Должно быть, маркиз инстинктивно напрягся, так как Друзилла моментально повернулась в ее сторону, но, в отличие от маркиза, увиденное не удивило ее — она знала, что, несмотря на ее протесты, герцогу и герцогине были отосланы приглашения.
— Не глупи, детка, — убеждала ее маркиза. — Если я не приглашу их, пойдут сплетни. Я пошлю им билеты и надеюсь, что у них хватит здравого смысла не прийти.
Именно здравого смысла герцогине и не доставало. Герцог не сопровождал ее, вместо него она повисла на одном титулованном красавце, который, несмотря на то, что его место в сердце герцогини было занято соперником, причем не одним, все еще оставался ее верным рабом.
Герцогиня выглядела великолепно — Друзилла могла не признать этого.

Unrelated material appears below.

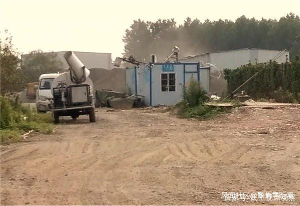 石子廠正在生產,塵土飛揚。三輪車上安裝的霧炮也沒有使用。

На ней было нежно-голубое атласное платье, подчеркивающее все ее достоинства: светлые золотистые волосы и синие глаза.
И в то же время, подумала Друзилла, этот туалет старит ее, так как делает ее похожей на «молодящуюся старушку». «Но ведь, — добавила она про себя, это только мое впечатление».

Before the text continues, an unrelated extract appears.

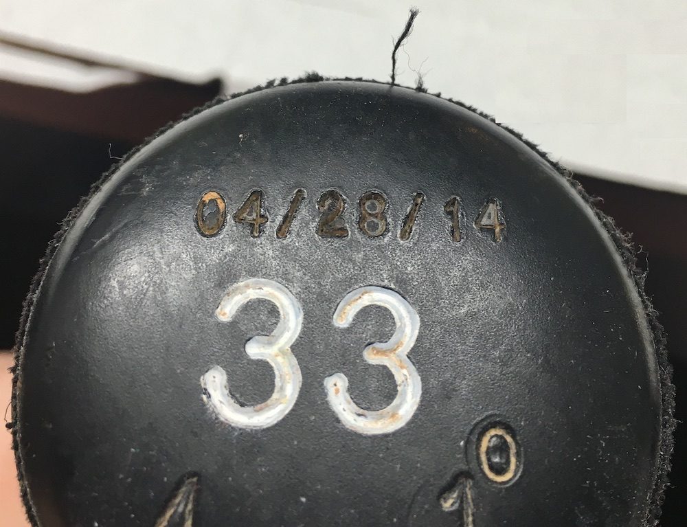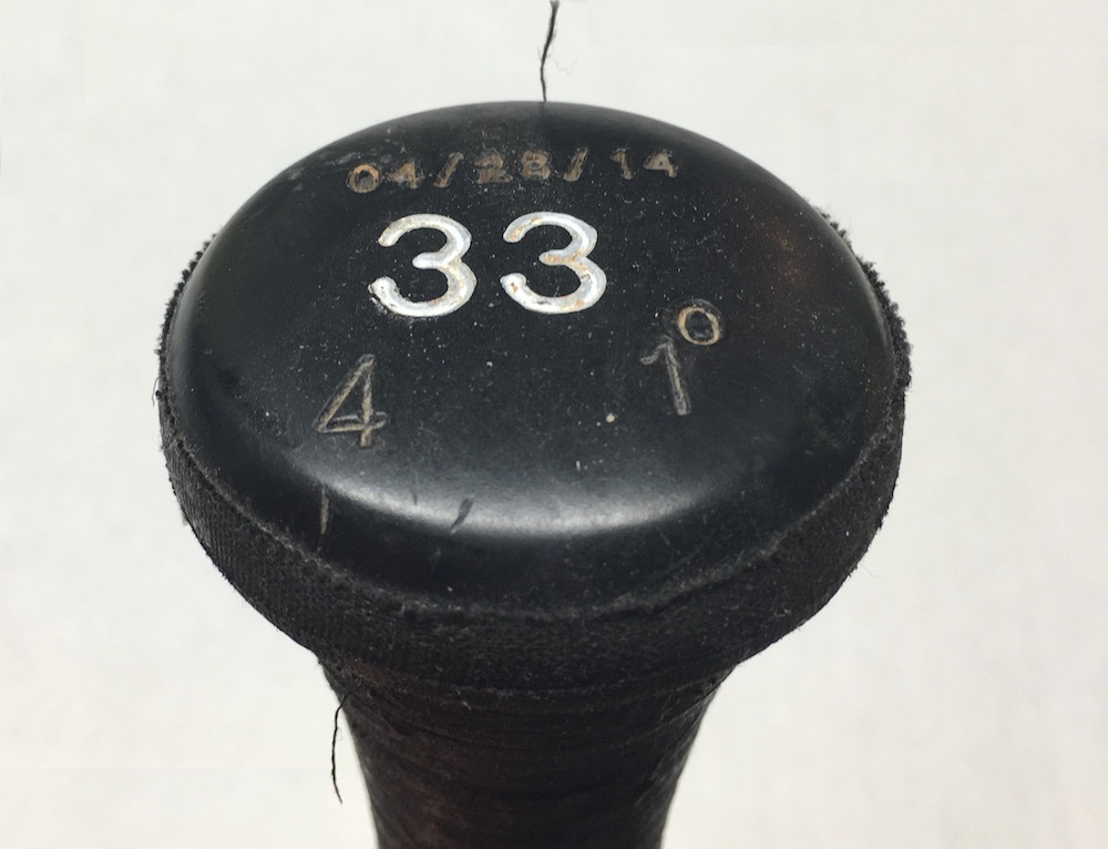 What's Buzz-worthy: I've picked off a ton of bats for my player over the years -- sometimes in more than one piece and sometimes with missing pieces for sure -- but this one is right up there in terms of its oddity as three-fourths of the back of its barrel is lost to history. Whether this break was from a batting practice mishap (based on model and taping it's not likely, though he did try a lot of brands later in his career) or game-use I'll never know ... unless somebody out there has a whole lot of access to full games where every at-bat of his 2014 season after the bat's creation date could be checked -- but even then that might not be conclusive. What's known here? The bat was finished/shipped on April 28, 2014, based on its knob stamping and that would mean it was doing his time with the Cleveland Indians toward the end of his career. I checked all available Getty Images stills from that season and struck out. The MLB Film Room might have had some use if this was a far newer piece but ... nope, too old. When I first found this one awhile back -- at a bargain fraction of what a full-priced bat would run -- I scoured all spots I normally would and struck out. Despite that, and despite this one not having an MLBA sticker, I'm still confident that it's legit with his barrel taping one of the reasons why.

Она была уверена, что маркиз смотрит на свою потерянную любовь безумным взглядом.
Герцогиня подошла поближе, и Друзилла заметила, как сузились ее глаза, когда она оглядела присланное из Парижа платье Друзиллы и ее великолепные изумруды. Потом она перевела наполненные слезами глаза на маркиза.
— О, милорд! — вскричала она трепетным голосом, — примите мои наилучшие пожелания счастья. Не могу выразить, как много это значит для меня.
Маркиз склонился к ее руке и, осознав, что все вокруг наблюдают за ними, с усилием проговорил:
— Позвольте представить вам мою невесту, мисс Друзиллу Морли. Ее светлость герцогиня Уиндлгэм.
Герцогиня не протянула руку для приветствия. Она едва заметно кивнула Друзилле и опять повернулась к маркизу.
— Какой сюрприз, — вкрадчиво промолвила она, — а где и когда вы повстречались с мисс… э-э… мисс… с этой молодой… женщиной.
Слова звучали грубо и оскорбительно, и все свидетели этой сцены прекрасно поняли, что герцогиня публично заявила, будто невеста маркиза не произвела на нее никакого впечатления.
Все знали, на кого было направлено внимание ее светлости в течение последних трех месяцев, и тот факт, что ей удалось пленить неуловимого маркиза Линча, было предметом бесконечных пересудов.
— Я впервые встретилась с Вальдо, — громко начала Друзилла прежде, чем маркиз успел ответить, — еще когда была в колыбели. Он тогда пытался забрать у меня рожок с молоком.
Эти слова вызвали всеобщий смех. Друзилла подождала, когда все успокоятся, и добавила:
— Полагаю, молоко ему понадобилось для его любимой морской свинки, и с тех пор у него всегда были любимцы.
У всех на мгновение перехватило дыхание, потом раздался взрыв хохота. Герцогиня с перекошенным от ярости лицом отвернулась.
Друзилле было известно, что в гневе маркиз очень груб, но она мысленно пожала плечами, решив не обращать внимания на его бешенство. Если он не защищает ее, она будет защищать себя сама.
С этого мгновения надобность в защитнике отпала, Успех ей был обеспечен.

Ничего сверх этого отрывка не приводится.